Keywords: evolutionary allometry, facet, static allometry, wood ant
1. Introduction
Allometric scaling characterizes how organ size changes as organisms themselves increase in size (Huxley & Tessier, 1936). Typically allometric scaling relationships are power functions defined by two parameters: the intercept (b) and the power (α). Changes can occur in both intercept, referred to as grade shifts, and/or power, referred to as slope shifts. Scaling relationships can be classified in one of three principle ways (Cock, 1966; Gould, 1966): (1) ontogenetic allometry, which characterizes how an organ changes size as an organism develops (McLellan et al., 2002); (2) static allometry, which compares organ scaling among conspecifics at a given stage of development (typically adulthood; McCullough, Ledger, O'Brien, & Emlen, 2015); and (3) phylogenetic or evolutionary allometry, which compares the scaling of homologous/analogous structures between related species at a given taxonomic level (Voje, Hansen, Egset, Bolstad, & Pélabon, 2014).
The extent to which the intercept and/or the slope of an allometric relationship are evolvable traits has been heavily debated (Egset et al., 2012; Emlen & Nijhout, 2000; Mirth, Frankino, & Shingleton, 2016; Pélabon et al., 2014). Functional, developmental, or genetic constraints that restrict the morphospace in which organs have the potential to grow have been suggested to limit the extent to which allometries evolve (Bolstad et al., 2015; Pélabon et al., 2014). Pleiotropic effects have also been proposed to contribute to this limitation: changes in the mechanisms that generate allometry causing detrimental changes in other systems, thereby reducing overall fitness (Bolstad et al., 2015). Ontogenetic allometry has also been proposed to act as a developmental constraint limiting evolvability because evolutionary and static allometries are necessarily dependent on variability generated during development (Pélabon et al., 2014).

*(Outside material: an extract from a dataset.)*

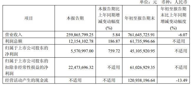 2025年前三季度,中毅达营业收入为7.62亿元,同比下降6.07%;归属于上市公司股东的净利润0.45亿元,上年同期为-0.15亿元;归属于上市公司股东的扣除非经常性损益的净利润0.61亿元、上年同期为-0.17亿元。
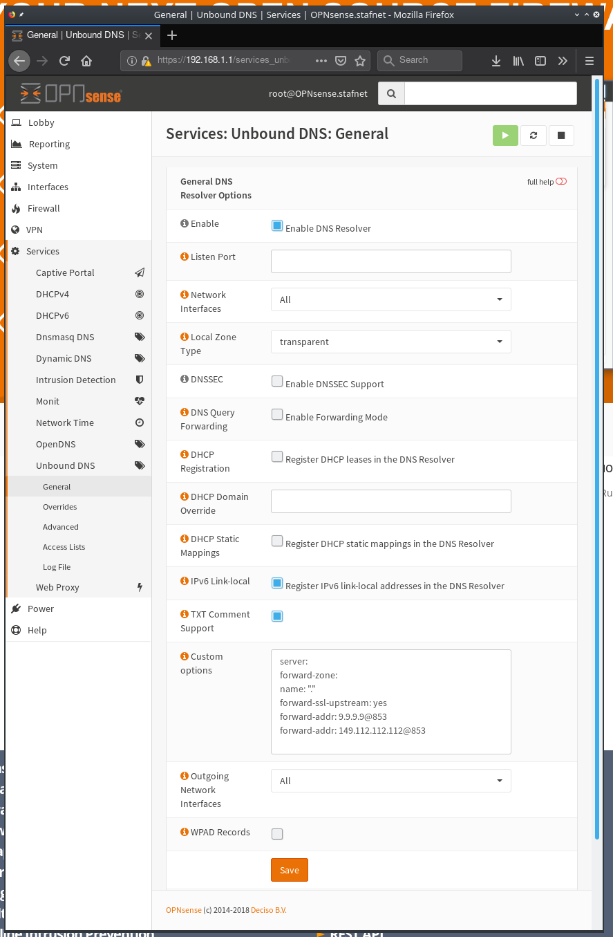 to ** Custom options ** these settings will reconfigure Unbound to forward the dns for the upstream dns servers Quad9 over ssl.

Despite these proposed limitations, however, there is substantial evidence showing that allometric scaling relationships can evolve (Emlen & Nijhout, 2000; Voje et al., 2014). This is supported by comparisons of static allometries that show they can differ within populations (Perl & Niven, 2016a), and among populations and species (Emlen & Nijhout, 2000; McGuigan, Nishimura, Currey, Hurwit, & Cresko, 2010; Simmons & Tomkins, 1996; Toju & Sota, 2006; Weber, 1990). Indeed, the idea that allometries can evolve is far from new: “…allometric trends are as subject to evolutionary alteration as are morphological features”. (Gould, 1966).

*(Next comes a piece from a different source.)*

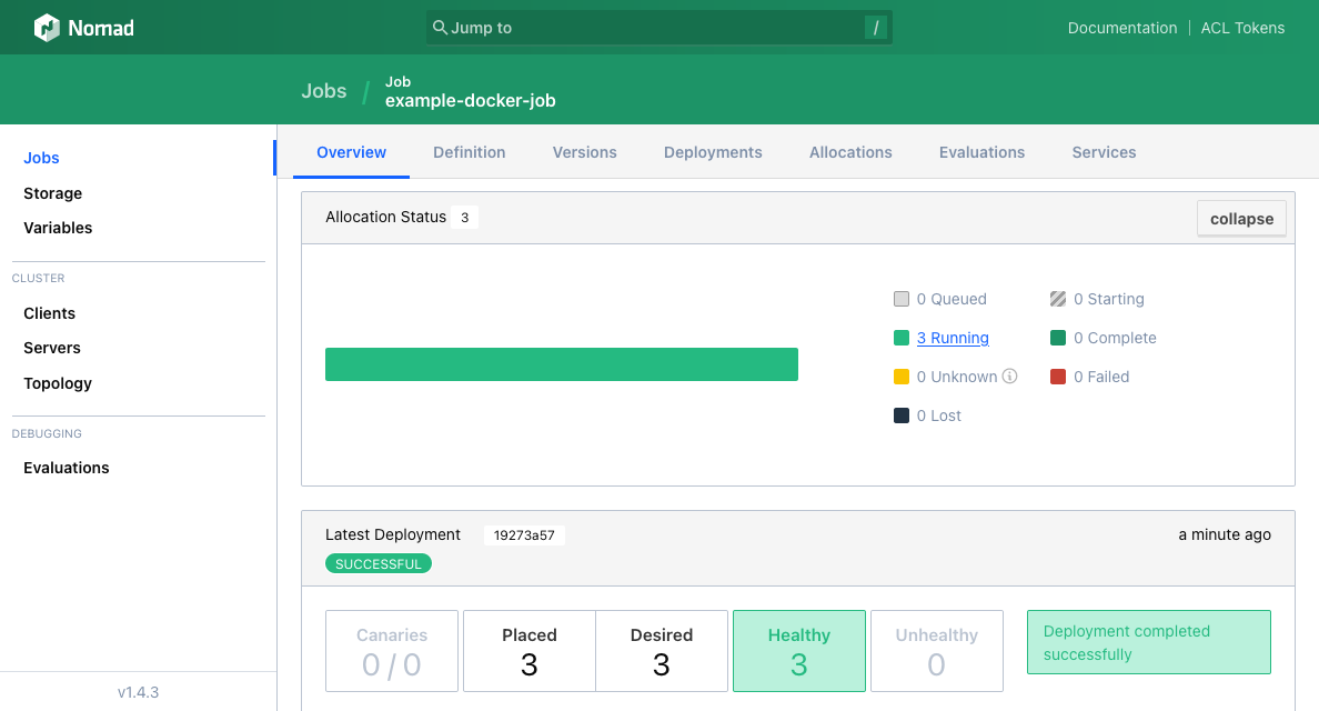 This creates a job named example-docker-job and a group of three docker-server tasks to start up HashiCorp’s http-echo Docker image on three client nodes.
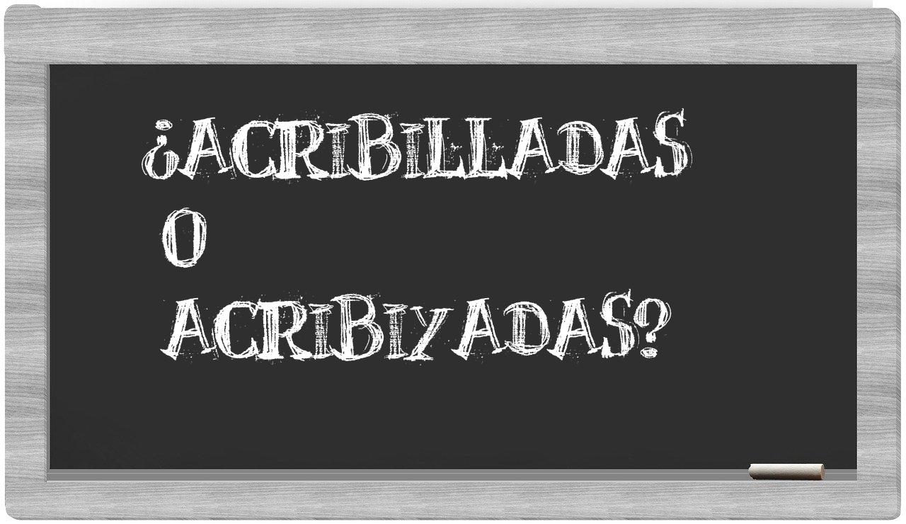 Cuando se trata de discernir entre acribilladas y acribiyadas, la decisión no debería ofrecer sombras de incertidumbre, puesto que solo acribilladas se encuentra debidamente registrada en el léxico de la Real Academia Española, mientras que acribiyadas carece de reconocimiento en su prestigioso Diccionario.

Grade shifts have been induced by artificial selection demonstrating that some aspects of allometric scaling can evolve rapidly (Bolstad et al., 2015; Frankino, Zwaan, Stern, & Brakefield, 2005, 2007). In contrast to the wealth of evidence demonstrating that intercepts can evolve, allometric slopes appear more constrained in their evolution, many organs showing remarkably little variation in scaling exponents between species separated by millions of years (Voje et al., 2014). Those experiments that have attempted to artificially select for slope shifts (Bolstad et al., 2015; Egset et al., 2012; Frankino et al., 2007; Stillwell, Shingleton, Dworkin, & Frankino, 2016; Tobler & Nijhout, 2010) have been criticized because of the methodology they employ (Mirth et al., 2016; Stillwell et al., 2016). Slope shifts induced by these experiments were often lost rapidly in subsequent generations once selection was eased (Bolstad et al., 2015), or were very minor changes (Stillwell et al., 2016; Voje et al., 2014).
Here, we investigate the evolutionary allometry of an organ by comparing the scaling of compound eyes in four species of ant from the genus Formica. We examine scaling of the entire compound eye through facet number, facet diameter, and eye area. Differences in scaling of facet diameter and facet number are indicative of relative changes in cell size and number, respectively (Chown et al., 2007; Montagne et al., 1999; Perl & Niven, 2016b). Both cell size and number contribute to changes in organ size, the differential contributions of facet number and facet diameter providing information about the mechanistic basis of changes in the size of a compound eye with increasing body size.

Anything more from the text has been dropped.